To get all strings containing the String of your variable aero use
con.prepareStatement(
"SELECT name FROM abcd WHERE name LIKE '%" + aero + "%' AND ROWNUM <= 10");
You need to use single-quotes instead of double-quotes:
SELECT name
FROM abcd
WHERE name LIKE '+aero+%'
AND ROWNUM <= 10;
If the double-quotes are in the string you search use '"+aero+%"'.
If you only want to search for strings containing aero, use '%aero%'.

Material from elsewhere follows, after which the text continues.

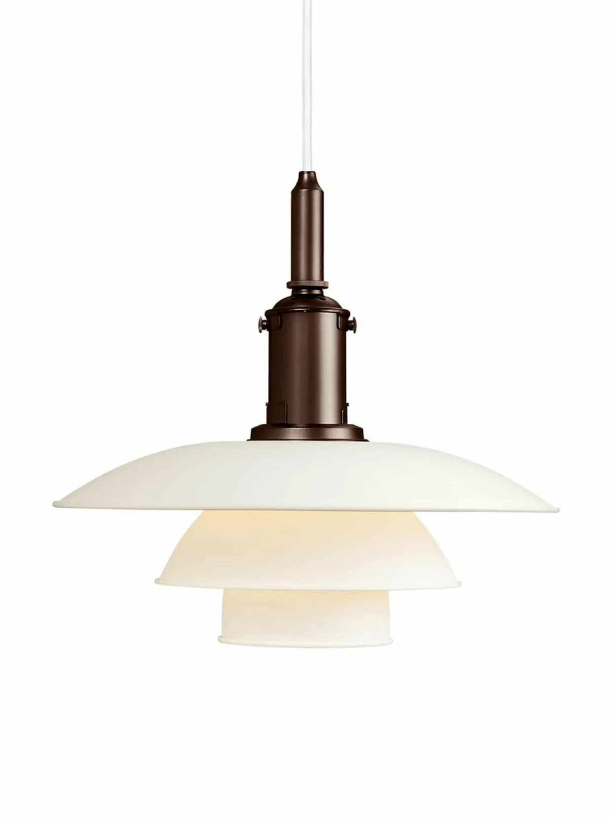 Poul Henningsenin vuonna 1929 suunnittelema PH 3½-3 -riippuvalaisin on design-klassikko, joka sulautuu ajattoman muotoilunsa ansiosta monenlaiseen ympäristöön. Valonlähde E27, max 100 W. Mitat ovat 330 x 307 mm.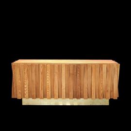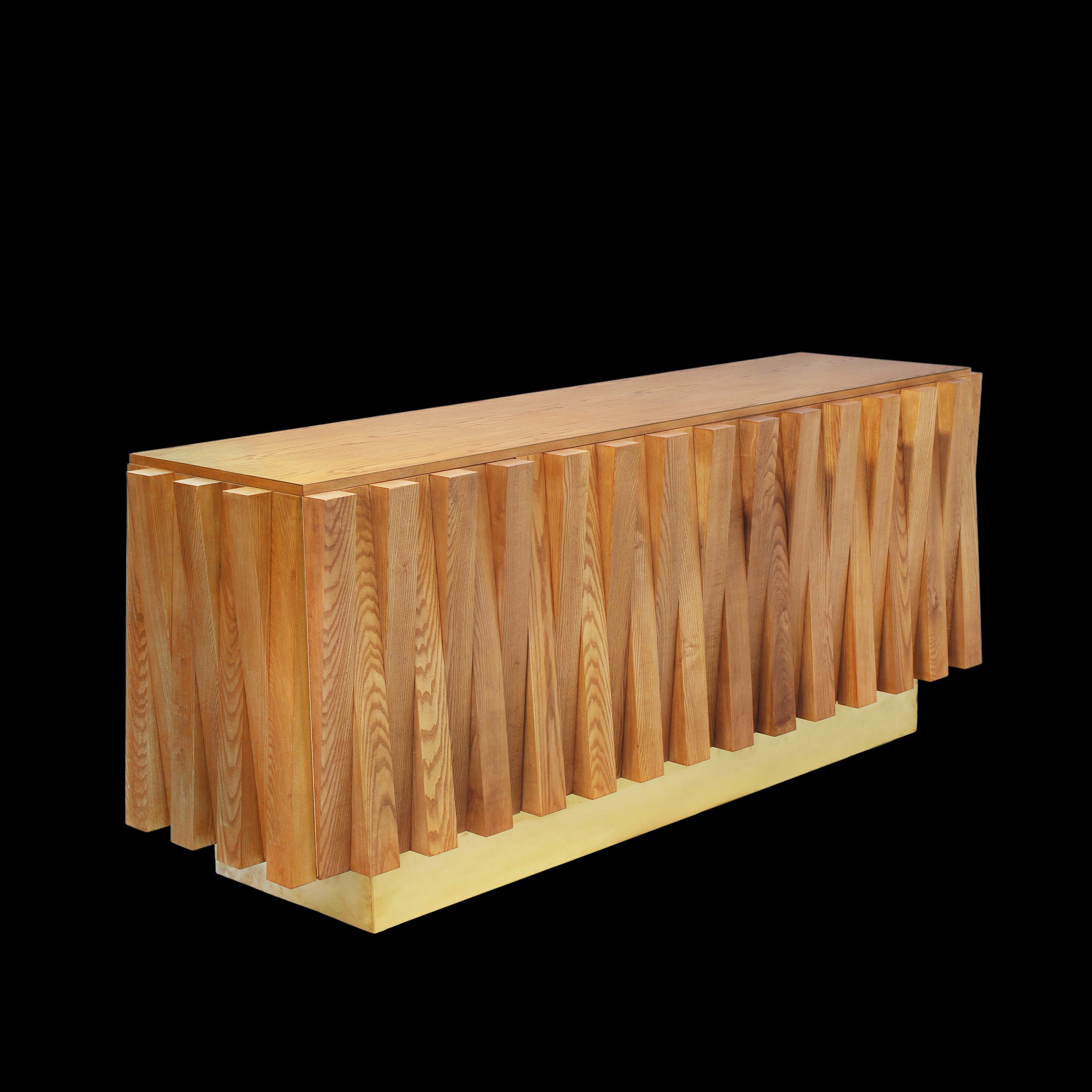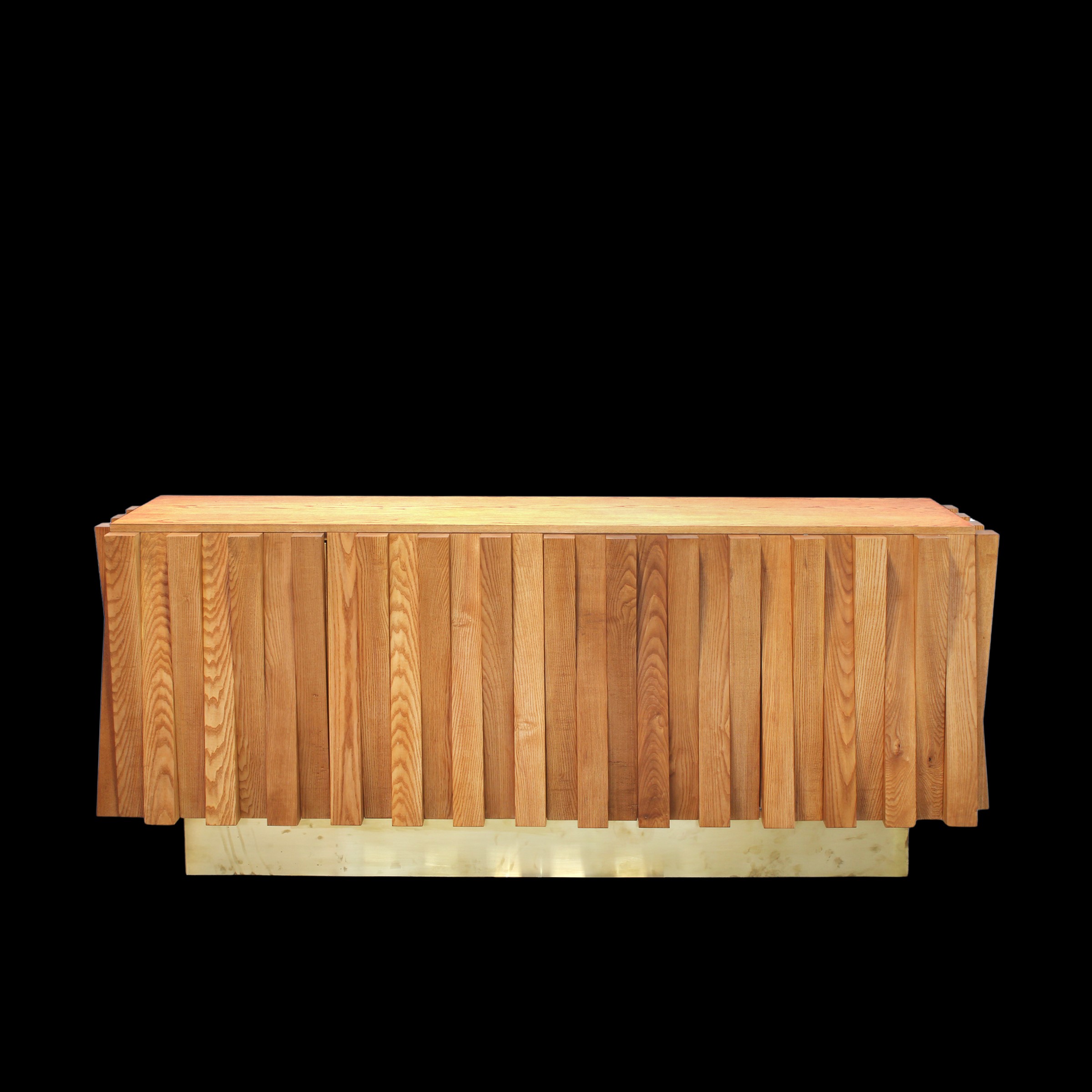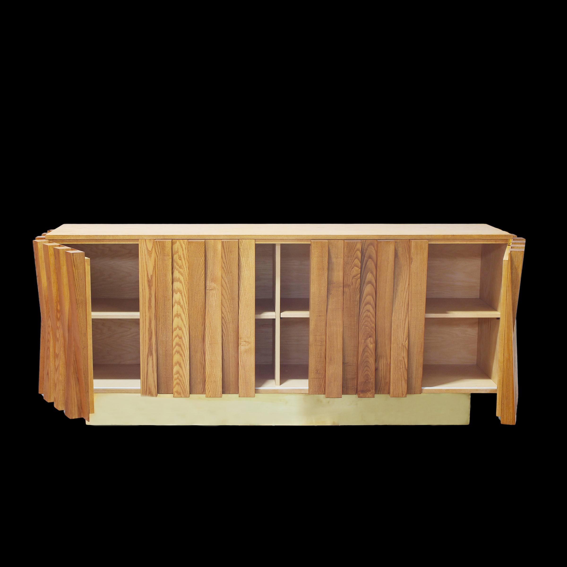 credenza in legno di frassino e ottone, fronte con due sportelli fissi e due scorrevoli

Double quotes around the literal?
No space between the literal and AND?
You need to give the character between the expression and AND operator . And give single quotes for
your regular expression
If you called that from some program codes, following is more likely, where aero is the variable, and % would be acts as wildcard. When aero is ab, it will search for 'ab','abc', 'abcd', .......
"SELECT NAME FROM ABCD WHERE NAME LIKE '"+aero+"%' AND ROWNUM <= 10;"
It isn't clear to me whether your aero is a literal string 'aero' or the name of a variable in your program. If it is a literal then do this:
pr = con.prepareStatement
("SELECT NAME FROM ABCD WHERE NAME LIKE 'aero%' AND ROWNUM <= 10");
If it is a variable then you should use a bind variable. Not only is the syntax much less confusing, it also prevents SQL injection attacks. I'm no ASP expert, but the syntax is something like:
pr = con.prepareStatement
("SELECT NAME FROM ABCD WHERE NAME LIKE ?||'%' AND ROWNUM <= 10");
con.setString(1,aero);